- Directed by: Fritz Lang
- Screenplay by: Gene Towne; Charles Graham Baker;
- Produced by: Walter Wanger
- Starring: Sylvia Sidney; Henry Fonda; Barton MacLane; Jean Dixon; William Gargan; Chic Sale;
- Cinematography: Leon Shamroy
- Edited by: Daniel Mandell
- Music by: Alfred Newman
- Production companies: Walter Wanger Productions, Inc.
- Distributed by: United Artists
- Release date: January 29, 1937;
- Running time: 85–86 minutes
- Country: United States
- Language: English
- Budget: $628,138
- Box office: $589,503

= You Only Live Once (1937 film) =

1937 film by Fritz Lang

You Only Live Once is a 1937 American crime drama film directed by Fritz Lang and starring Sylvia Sidney and Henry Fonda. Considered a precursor film noir, it was the second film directed by Lang in the United States. At least 15 minutes were trimmed from the original 100-minute version of the film due to its then unprecedented violence. Despite this, the film is widely considered an early film noir classic. It is also known for being one of the first box-office bombs.

==Plot==
Eddie Taylor is an ex-convict who feels he is reformed and deserves a break, but he has doubts that he will get one. Initially, his doubts seem unfounded as his life goes well; he is married to Joan (the woman who waited for him and who has always believed in him), her boss (Stephen the public defender) has helped him to get a steady job, and he has the wherewithal to buy a house with Joan.

But this new life starts to fall apart, when he is summarily fired because he doesn't start work on time after the inn booked for their wedding night recognizes his picture and kicks him out. Eddie's old gang tempt him with an offer to join them in bank robberies, but he chooses to search for legitimate work instead. When a bank job occurs during which six people are killed, Eddie is framed and subsequently wrongly convicted for the murders. He is sentenced to death by electrocution.

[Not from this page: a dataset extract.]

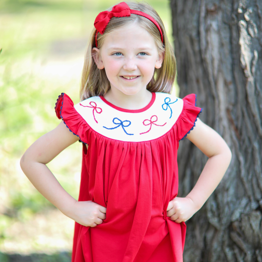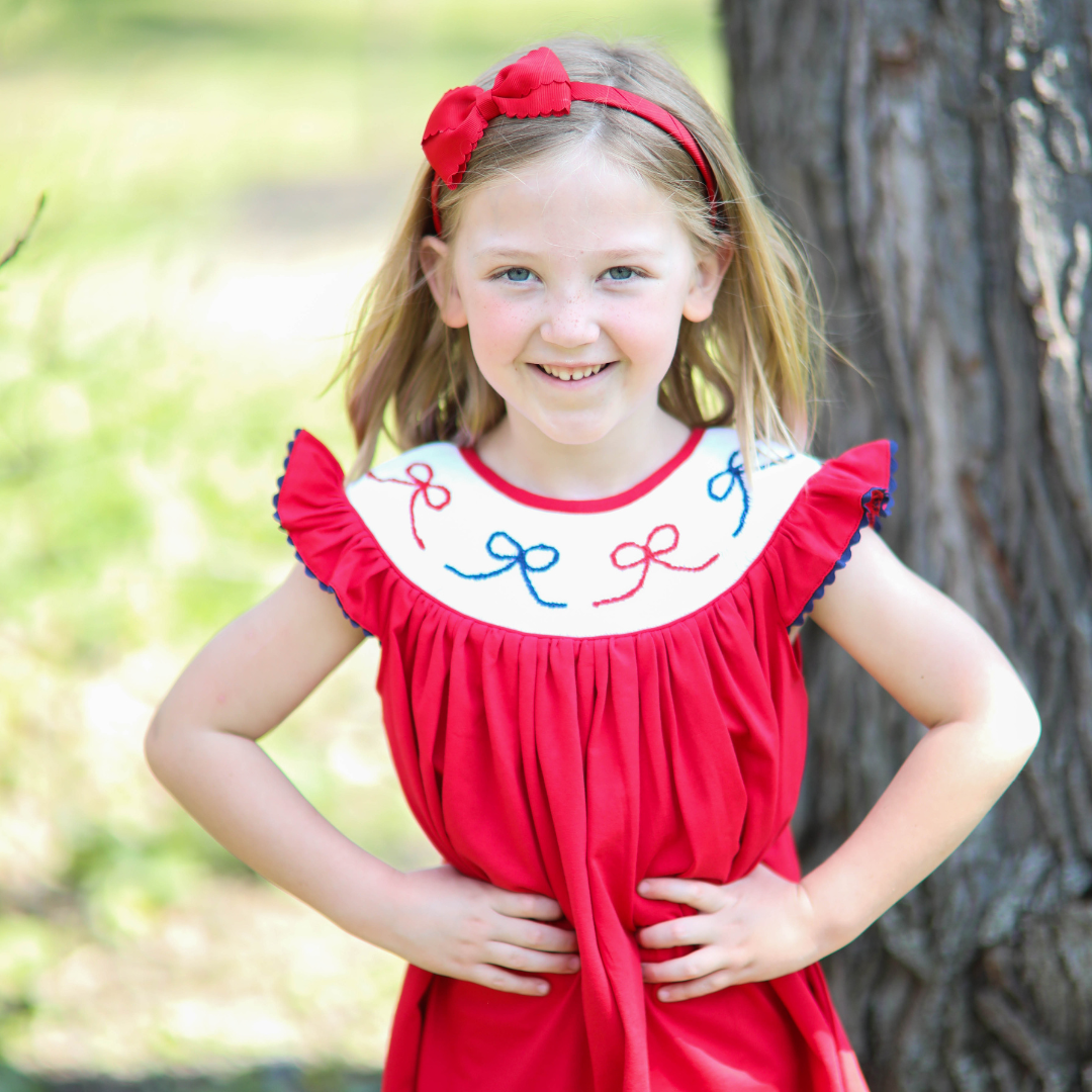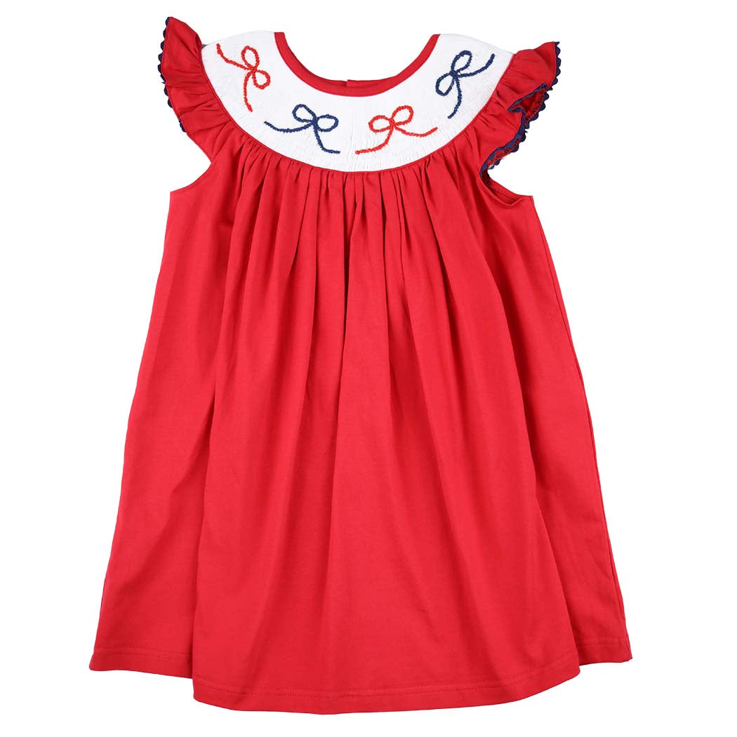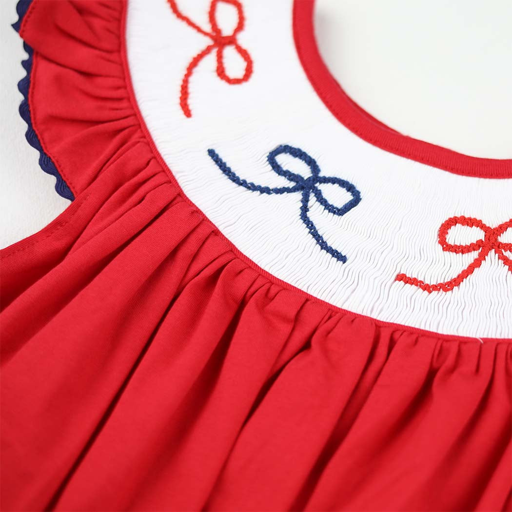 The girls smocked bow dress is a timeless classic with a sweet twist. Featuring delicate smocking and charming bow embroidery, this dress is perfect for special occasions, springtime outings, and picture-perfect moments. A lovely addition to her wardrobe that’s both elegant and playful.

On the eve of his execution date, he escapes from the prison infirmary using a smuggled gun, just as the authorities issue a stay of execution. Eddie's conviction has been called into doubt, as the bank vehicle used in the getaway has been recovered from a lake and found to contain the stolen money and the body of the real murderer and bank robber. The prison chaplain, whom Eddie has always trusted, tries to convince him that the reprieve is real, but Eddie is too bitter and disillusioned to accept he is a free man. He kills the chaplain in his desperation to escape.

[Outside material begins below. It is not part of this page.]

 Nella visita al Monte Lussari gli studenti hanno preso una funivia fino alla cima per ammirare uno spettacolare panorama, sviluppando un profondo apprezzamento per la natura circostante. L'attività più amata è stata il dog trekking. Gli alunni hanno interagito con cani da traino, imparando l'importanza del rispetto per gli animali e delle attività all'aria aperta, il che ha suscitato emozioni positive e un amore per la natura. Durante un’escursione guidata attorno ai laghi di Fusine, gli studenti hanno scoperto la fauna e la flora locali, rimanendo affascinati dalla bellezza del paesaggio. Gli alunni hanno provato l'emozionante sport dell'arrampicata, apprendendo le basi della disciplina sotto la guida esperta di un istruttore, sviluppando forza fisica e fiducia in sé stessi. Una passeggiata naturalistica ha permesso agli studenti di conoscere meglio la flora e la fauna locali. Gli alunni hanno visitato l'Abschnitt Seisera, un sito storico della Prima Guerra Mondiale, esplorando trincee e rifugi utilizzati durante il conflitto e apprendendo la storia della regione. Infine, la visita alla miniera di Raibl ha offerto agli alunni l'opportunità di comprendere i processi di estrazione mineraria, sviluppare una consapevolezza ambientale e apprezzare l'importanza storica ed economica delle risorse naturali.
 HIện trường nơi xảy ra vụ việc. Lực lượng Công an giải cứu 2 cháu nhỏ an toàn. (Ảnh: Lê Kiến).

He and a now pregnant Joan go on the lam, hoping to make it across the border to Canada. They become infamous and are blamed for every crime in the areas they pass through. After the baby is born, Joan manages a meeting with Stephen and her sister Bonnie. The two have arranged for Joan to hop a boat to Havana with the baby and wait there while Stephen works to clear her name. She refuses to leave Eddie. They continue their run, but are ambushed by the police and killed. As he dies, Eddie hears the voice of the chaplain telling him he is free.

==Reception==
The film recorded a loss of $48,045.

== Legacy ==
===Radio adaptation===
You Only Live Once was presented on Philip Morris Playhouse on November 28, 1941, with Burgess Meredith.

===Cultural impact===
James Baldwin writes fondly about the film in The Devil Finds Work (1976), arguing Lang "never succeeded quite so brilliantly again".

François Truffaut wrote the film "is about destiny and fate", explaining: "You Only Live Once is about interlocking forces: everything may seem to be going well, but the truth is, everything is going badly."

The portrayal in the film of "The last romantic couple" inspired Godard in his 1965 film Pierrot le fou.

You Only Live Once is considered to be a predecessor to the 1967 film Bonnie and Clyde.